I'm using MariaDB 10.1 and the default InnoDB storage storage, and I have a few tables with currently 10 to 100 million rows. These tables will keep growing a few million per month, and it's mostly caching.
They either have a single-column primary key (BIGINT
) or a composite primary key (two BIGINT
columns) and no AUTO_INCREMENT, and I always insert, select or update by primary key. I also do a lot of joins by primary key, or selects WHERE PK IN (1, 2, 3, 4...)
.
Also, these tables receive lots of updates per hour, and I usually update them in batches of 5000 or 10000 at a time. We have more inserts and updates than selects for some of these tables.
I have 3 questions:
-
It seems to me that simple selects by PK returning 1 row (
SELECT x, y FROM table WHERE pk = 123
) will have no actual difference in performance with partitioning. Is that right? -
What about joins or selects as
WHERE PK IN(SELECT PK FROM ...)
? Will it cause more scans to join a partitioned table than a single table? -
Considering I usually do a lot of concurrent batches (multiple servers may send data at the same time) using:
-
INSERT INTO X VALUES (1, 'A'), (2, 'B'), ... ON DUPLICATE KEY UPDATE ...
or -
REPLACE INTO X VALUES(1, 'A'), (2, 'B'),...
-
Will partitioning help with concurrent inserts and updates, say by being able to affect multiple partitions at the same time?
Thanks in advance.
Best Answer
Your questions
Q1: If PK is the Partition key, a "point query" (
WHERE PK = constant
) on the Partition key will do "pruning", then (hopefully) use an index in the single partition it found. No improvement over having a simple table with a suitable index.Q1: If PK is the
PRIMARY KEY
, but not the Partition key, then the query must open and look in every partition to find the row, hence slower.Q2: Generally
IN ( SELECT ... )
performs poorly, very poorly in some cases, and should be avoided. Use aJOIN
instead. For partitioning, "pruning" will probably not be used. Hence slow.Q3:
INSERT
may be about the same speed, regardless. A plain table may be faster due to less complexity.Q3:
REPLACE
isDELETE
+INSERT
.INSERT ... ON DUPLICATE KEY UPDATE ...
is usually a better construct; see if it applies. But, again, no performance improvement.IN
WHERE PK IN (1, 2, 3, 4...)
-- I think I heard that if the list is 'short', it will use partition pruning. Or skip the pruning if the list is long. In either case, a simple table with an index on PK will be at least as fast.Pruning
Think of pruning this way: First it must find the partition (which acts very much like a "sub table"), then it must use an index (if available) to drill down to the desired row(s). Without partitioning, it skips the pruning step; but the BTree index is slightly deeper. So it is a trade-off.

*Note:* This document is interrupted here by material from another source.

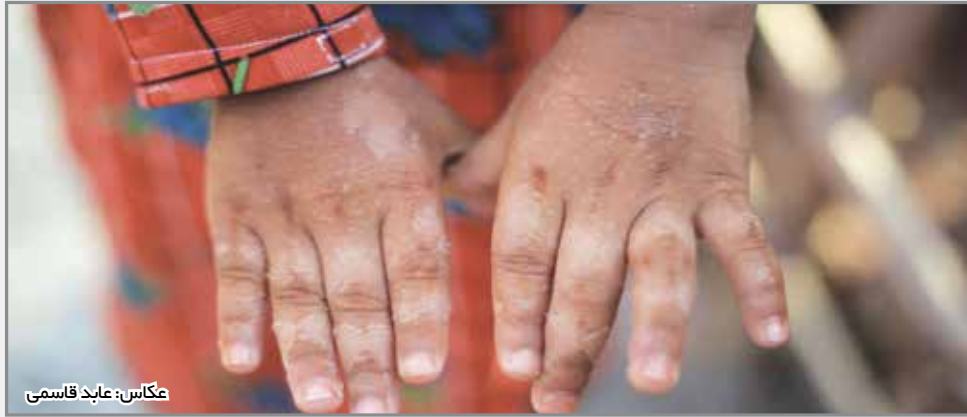
عکاس: عبد قاسمی

Note: This often means that the optimal set of indexes for a partitioned table and the equivalent non-partitioned table are different.
Case 3
The caveat "A table's index is too big to be cached, but the index for one partition is cacheable" does not seem to apply to your situation. Case 3 came from a time-series wherein most of the activity was in the latest partition (and
PARTITION BY RANGE(TO_DAYS(...))
) and that partition fit in the buffer_pool but the entire table did not.(That is, I agree with Natan, not Jarwad, about the relevance of Case 3.)
BY HASH
BY HASH
-- not useful. (From the link: "PARTITION BY RANGE is the only useful method.") (Or at least, I have yet to see a use case of Hash where performance benefits.)Ingestion
"growing a few million per month" That's not very fast. "growing a few million per day" would begin to be challenging, at which point I would point you at my high speed ingestion blog . Even so, you might take one tip from there -- Load the changes into a transient table, then do the insert/replace/iodku/update/etc from it to the 'real' table.